We’ve got the right plaintiff – the one who can express rent control’s inequity, and who can live it every day. Hallelujah!


The Second Circuit recognized that the Harmons would be entitled to just compensation when their property is subject to a “permanent physical occupation.”


If that is so, then the Harmons are likely to win, because it is self-evident that rental under rent stabilization is as permanent as ownership – in fact, it’s more permanent, because the tenancy is inheritable and hence could last in perpetuity, where ownership could not. [And it requires no financing, either, so you can’t be foreclosed! – Ed.]


In Yee v. City of Escondido (1993), the court insisted that “government regulation of the rental relationship does not constitute a physical taking.” That comes as a real surprise to the Harmons when they hear footsteps each night above their bedroom.


As we saw in Cairo, a long enough rental can become a permanent adverse possession.
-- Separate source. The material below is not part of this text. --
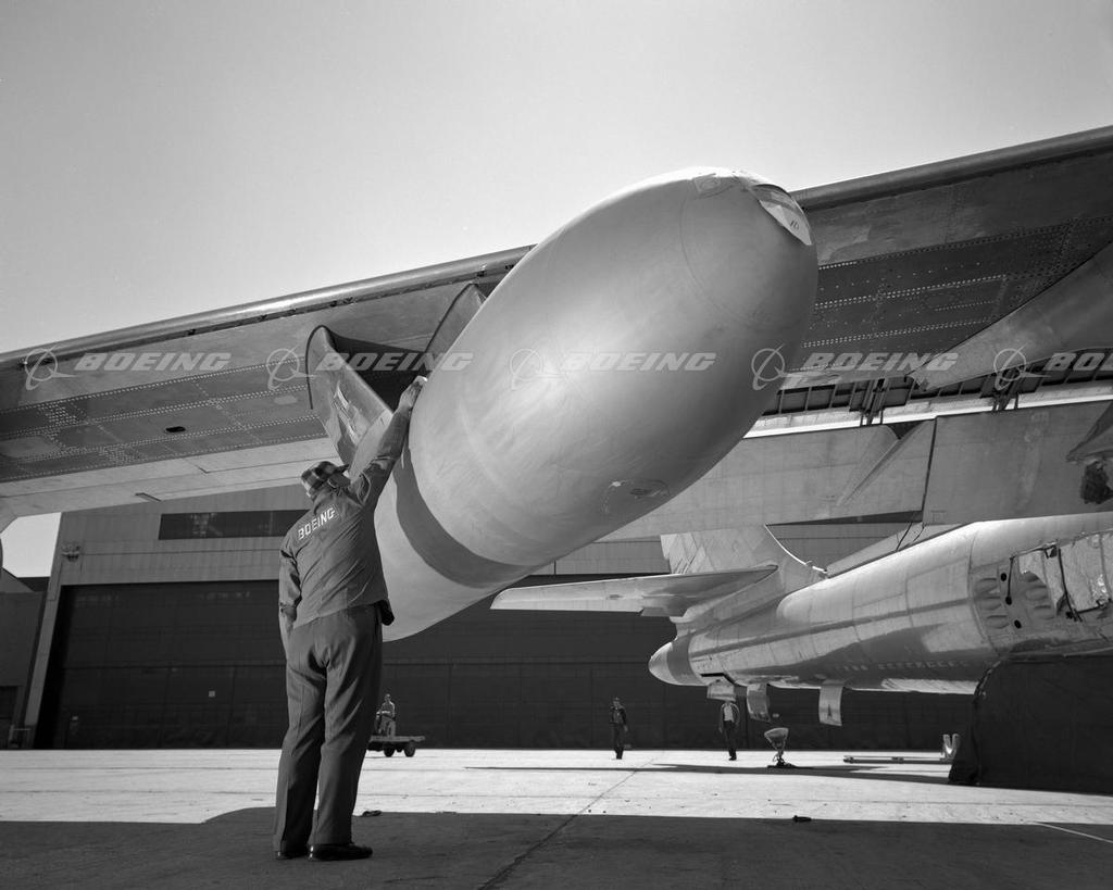 Boeing Worker Reaches Up Under B-47E Stratojet Wing

Supreme Court decisions dating back to Block v. Hirsh (1921) hold that once a landlord has let a tenant onto the premises for a year, the legislature can extend that lease indefinitely.


And in Mr. Harmon’s case, the protracted occupancy is reaching Methuselah proportions.
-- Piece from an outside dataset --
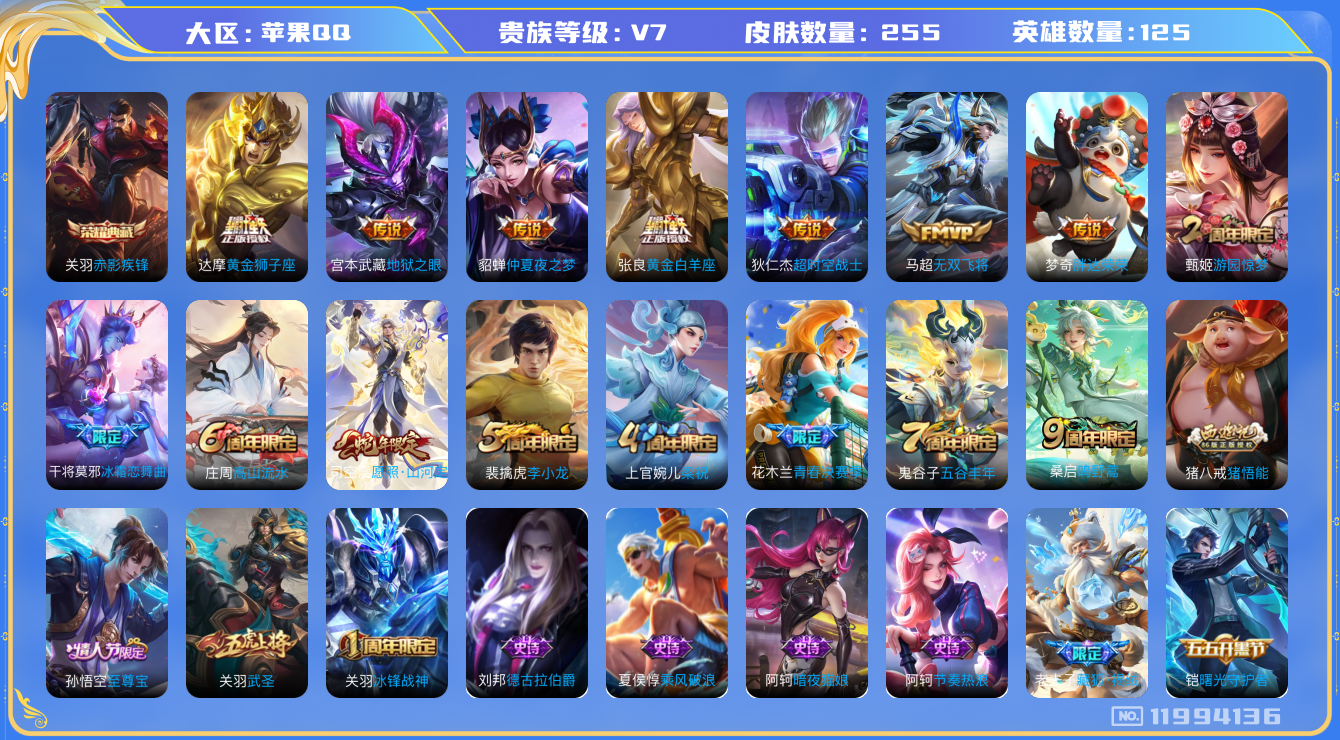 [11994136]V7 1典藏 10传说 125英雄 255皮肤 可修改实名 优质装备:赤影疾锋,黄金狮子座,黄金白羊座,仲夏夜之梦(大飞蛾),地狱之眼,胖达荣荣,超时空战士-狄仁杰,无双飞将 珍宝阁皮:妄想食味,优雅恋人,蔷薇恋人 限定皮:愿照·山河定(司空震年限),鸣野蒿,至尊宝,高山流水,五谷丰年,冰锋战神,武圣,游园惊梦,梁祝,李小龙,猪悟能,青春决赛季,冰霜恋舞曲 史诗皮:苍鳞隐世,器灵·浮梦炉,星界战将,谪仙醉月,龙之律动,藏狐·褐绒,石田雨龙,茶境仙,百相守梦-百里守约,遇见神鹿,紫霞仙子,苍穹之光,电玩小子(小书包),黄金分割率,千年之狐,江河有灵,蒙恬荣光圣徽,无限星赏官,偶像歌手,电玩·爆裂旋风,暗夜猫娘,末日机甲-吕布,猫狗日记-孙策,乱世虎臣,节奏热浪,女仆咖啡,摇滚巨星,水果甜心,天才门将,星夜王子,心灵骇客,功夫厨神,德古拉伯爵,暗隐猎兽者,幽灵船长,鬼剑武藏,心灵战警,乐园奇幻夜,舞动绿茵,地狱岩魂,繁星吟游(呼啦呼啦),拒霜思,缤纷独角兽,乘风破浪,逐浪之夏,水晶猎龙者,曙光守护者,箭羽风息,金属风暴,原初追逐者,圣诞狂欢,圣诞恋歌,鹰眼统帅,暗夜贵公子,魅力维加斯,黎明之约,无心,未来纪元-赵云

[Three of Mr. Harmon’s apartments] are occupied by rent-stabilized tenants inherited from his parents.


There’s proof, if proof were needed, that the tenant has more durable property rights than does the owner. The owner inherits negative-value assets.


The city’s rent regulations have been challenged many times going back decades, making this case an uphill battle. Mr. Harmon has lost twice in lower courts, most recently in September, when the United States Court of Appeals for the Second Circuit, in Manhattan, ruled that the rent-stabilization law did not constitute a taking because (a) it did not stop him from using the building as a rental property and (b) it did not stop him from living there himself.
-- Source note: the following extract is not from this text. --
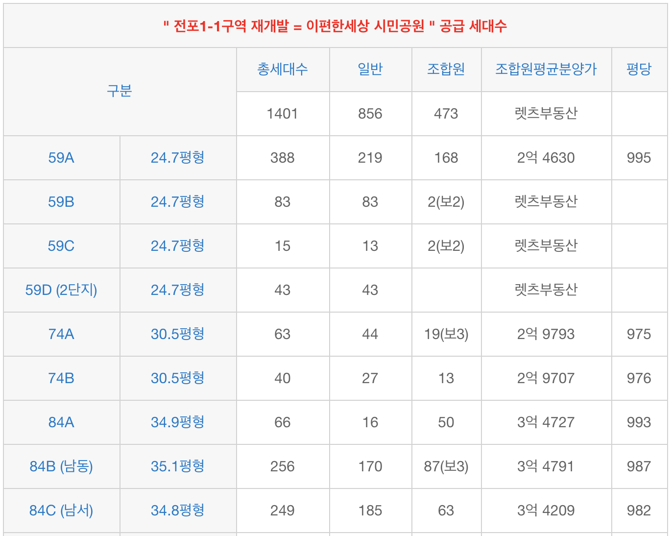 전포1-1구역 재개발 = 이편한세상 시민공원 타입별 물건 |

Both arguments are fig leafs of tissue paper – is Mr. Harmon to be granted the right to live in whatever sliver of the house has not been taken for the people’s uses?


“Courts usually pay scant attention to these well-settled claims and routinely reject them,” said Jarred Kassenoff, a lawyer for landlords and tenants.


Generally they do, which is why the Supreme Court has a wide purview. Otherwise we’d still be living in the demesnes of separate-but-equal.


But Mr. Harmon appears to have caught the attention of the high court, which has asked the city and state to file answers by Jan. 4 to his petition to be heard. [The City got a filing extension – Ed.] The case could have wide repercussions for the almost one million rent-stabilized apartments in the city.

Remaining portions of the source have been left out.